4. There are a number of clinical features that demonstrate poor outcome but they are so devastating that I do not think they add much. For example, loss of pupillary reflex or corneal reflex consistently at 72 hours have a false positive rate approaching 0%. However, this happens very infrequently and is as obvious as saying a patient whose head has come off has a survival rate approaching 0%.
5. Status myoclonus refractory to treatment also has a poor outcome but there is no definition of what status myoclonus is, and what refractory to treatment consists of- I haven’t encountered many myoclonic situations that do not resolve with increasing doses of Keppra.
With these in mind I take the following approach-
a. CT prior to ICU admission only if alternative diagnosis is possible.
b. At least 24 hours of sedation and temperature management post-arrest.

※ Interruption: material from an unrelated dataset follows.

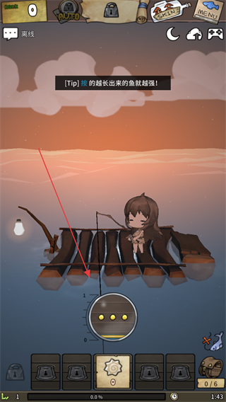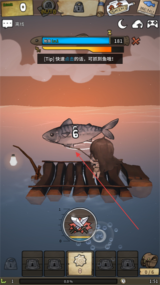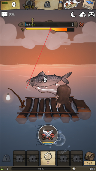 4、持續(xù)操作釣魚,消耗魚的耐力條,完成釣魚流程,積累生存資源。

c. Stop sedation and assess neurology first- those that appear to be emerging don’t get any further investigations.
d. Patients who show no neurology get an EEG and CT at the 48-72 hour mark
e. Patients who show abnormal neurology still get an EEG and CT with me, though I am aware that this is not the case with all of my colleagues.
f. The information gained from these three aspects (neurology, CT, EEG) are used in concert with family discussion and previous wishes to determine next steps.
g. MRI is only requested if situation is equivocal or family are unaccepting.
Thanks B, great summary of a sensible treatment pathway.
Just wondered where evoked somatosensory potentials fit into this pathway…….my understanding was that they were a better test than EEG. Are you using them routinely in Leeds?